* Exercise description:
Skip all pictures. Set down only the lines starting at the line containing "Windowsの長いファイル名を変更・削除するソフト「FilenameFix」" and running to the end of the listing.

━━ Recorded information ━━

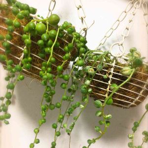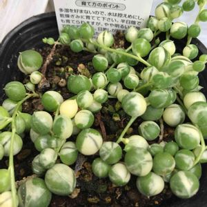 何度もダメにして来た斑入りグリーンネックレス 二か月前に購入して、今のところ外管理で元気そう🎵 この調子でいってほしい〜〜✨✨ 屋根なしベランダで、雨にも日光にも当たってると思います。 前にピンクの姿をUPした吊り鉢もまだ大丈夫👌 ひと鉢だけ室内に置いてたものはみるみるヘタってしまったので、大事にしすぎはダメだと改めて思った次第… もちろんGSの皆様の栽培方も参考にさせていただいていま〜す(o^^o)
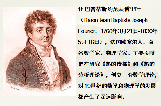思政要素:引入傅里叶生平的简单介绍。傅里叶在1807年研究热传导问题的时候就提出了傅里叶变换,但论文遭到拉格朗日的反对而未发表;1810年在对研究进行了不断的补充、完善的基础上仍未被发表。但他并为因此放弃研究,1822年他终于将论文的数学部分扩充成为一本书《热的解析理论》进行出版,成为数学史乃至科学史上公认的一部划时代的经典性著作。傅里叶的这种踏实严谨、耐心专注、吃苦耐劳的品质对学生敬业精神的培养起着示范作用。
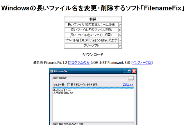 Windowsの長いファイル名を変更・削除するソフト「FilenameFix」
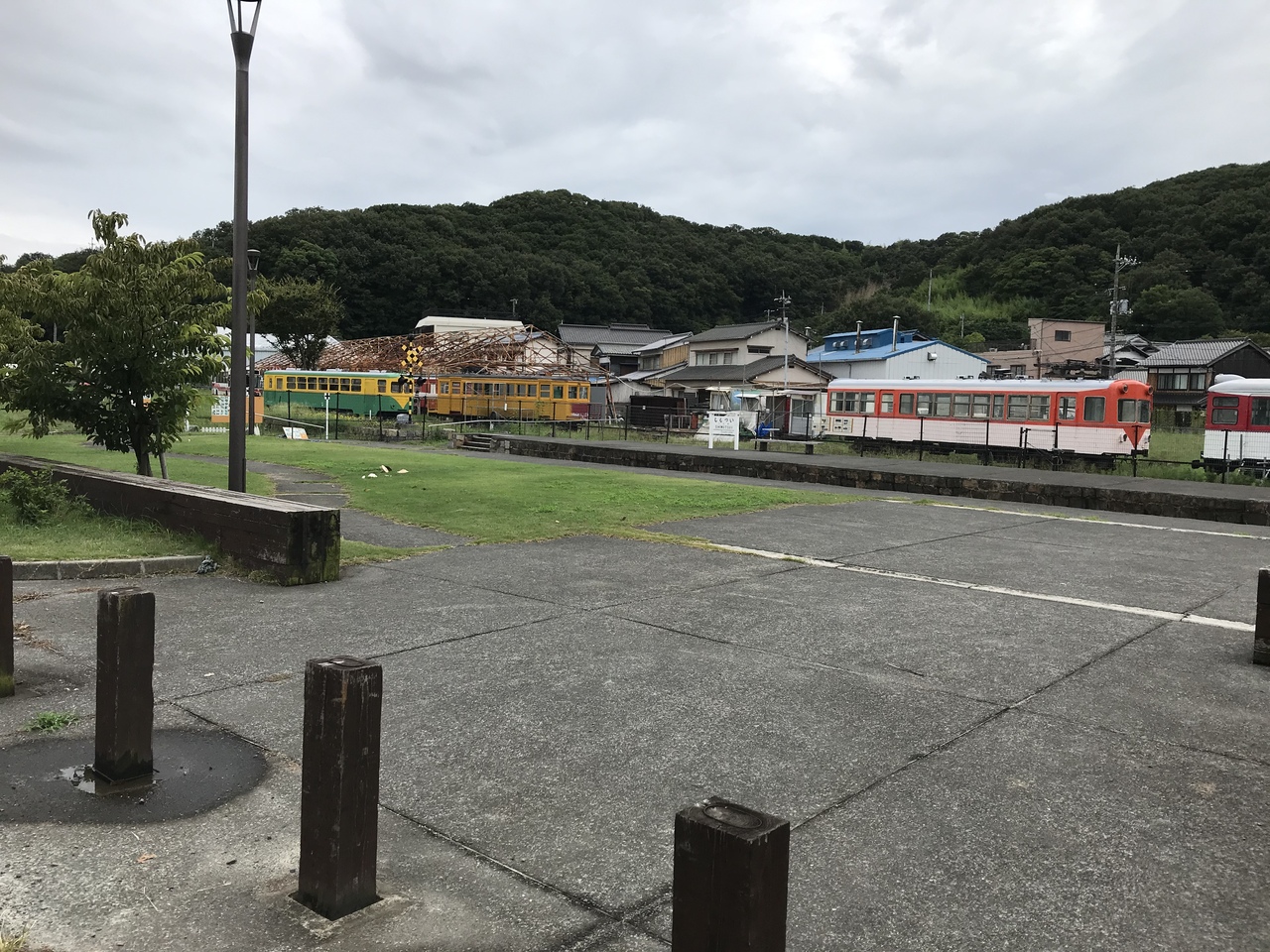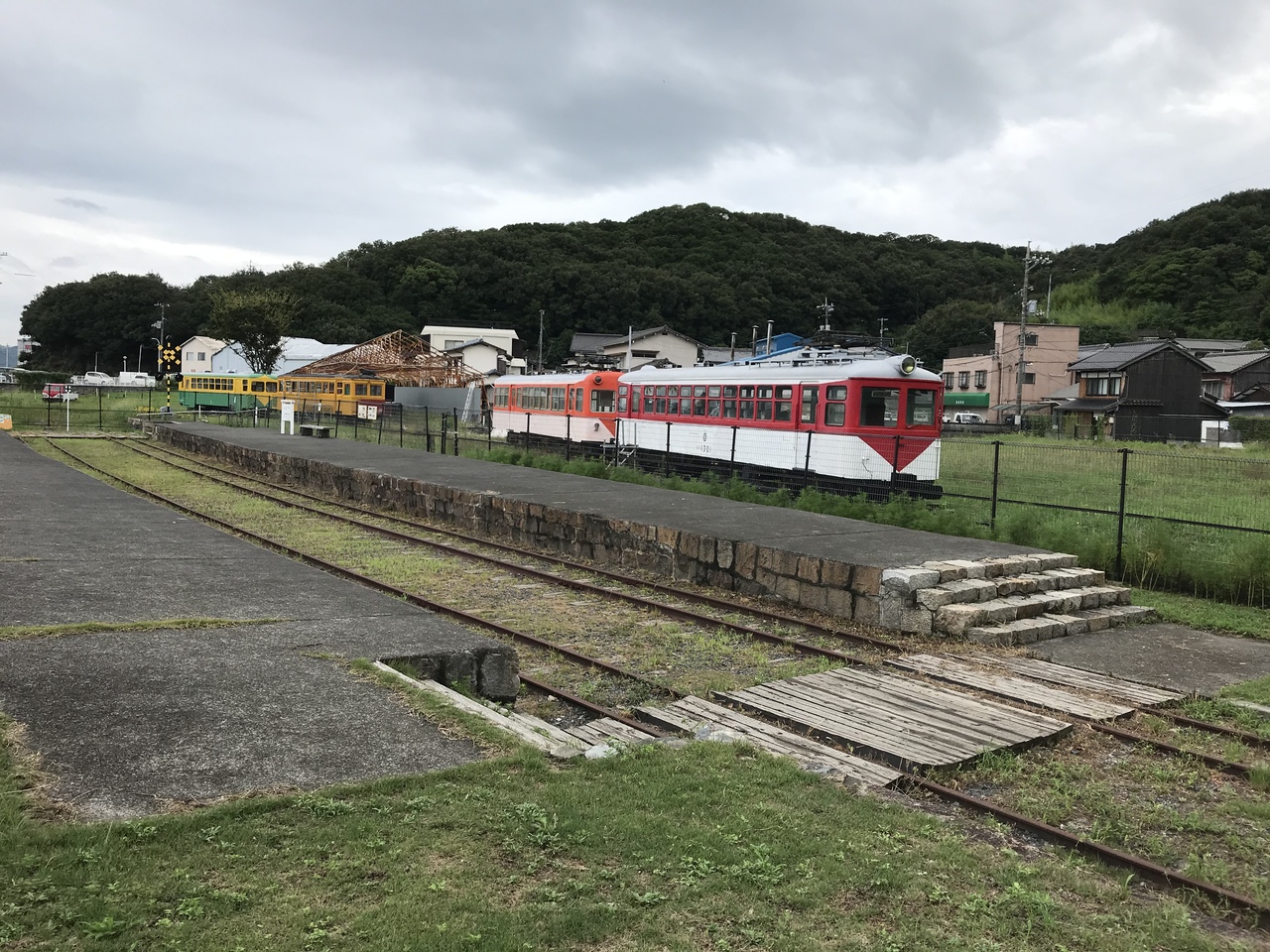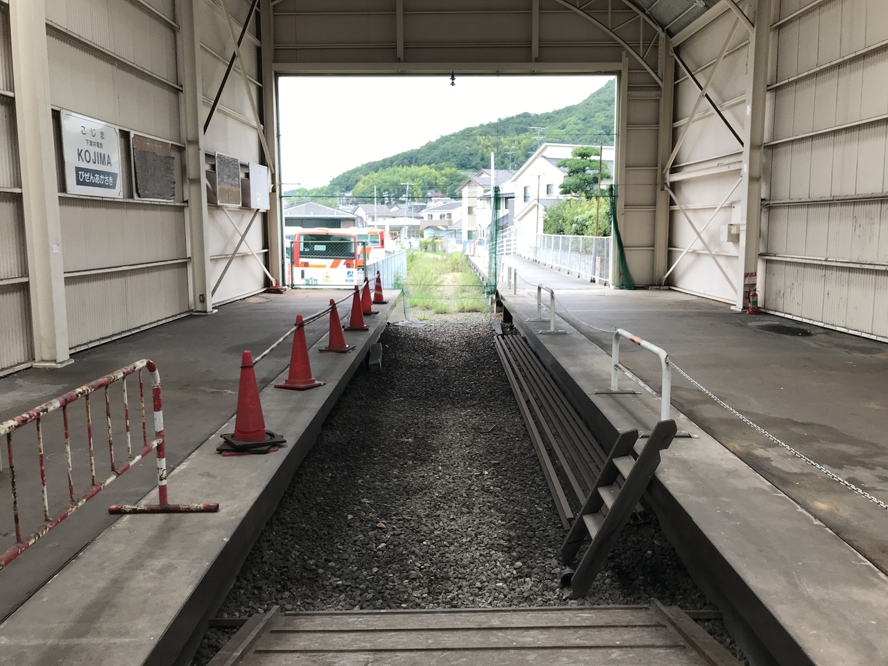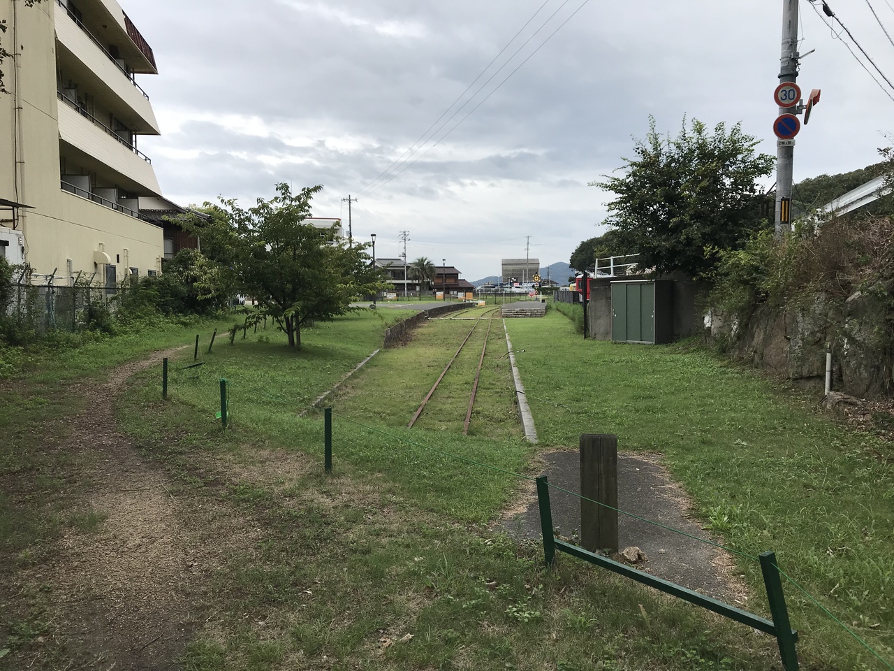 旧児島駅には駅舎、旧下津井駅には動体保存された車両、他に駅跡・架線跡等が残り、鉄道の趣きが残る道。

━━━

* Written solution:
 Windowsの長いファイル名を変更・削除するソフト「FilenameFix」
 旧児島駅には駅舎、旧下津井駅には動体保存された車両、他に駅跡・架線跡等が残り、鉄道の趣きが残る道。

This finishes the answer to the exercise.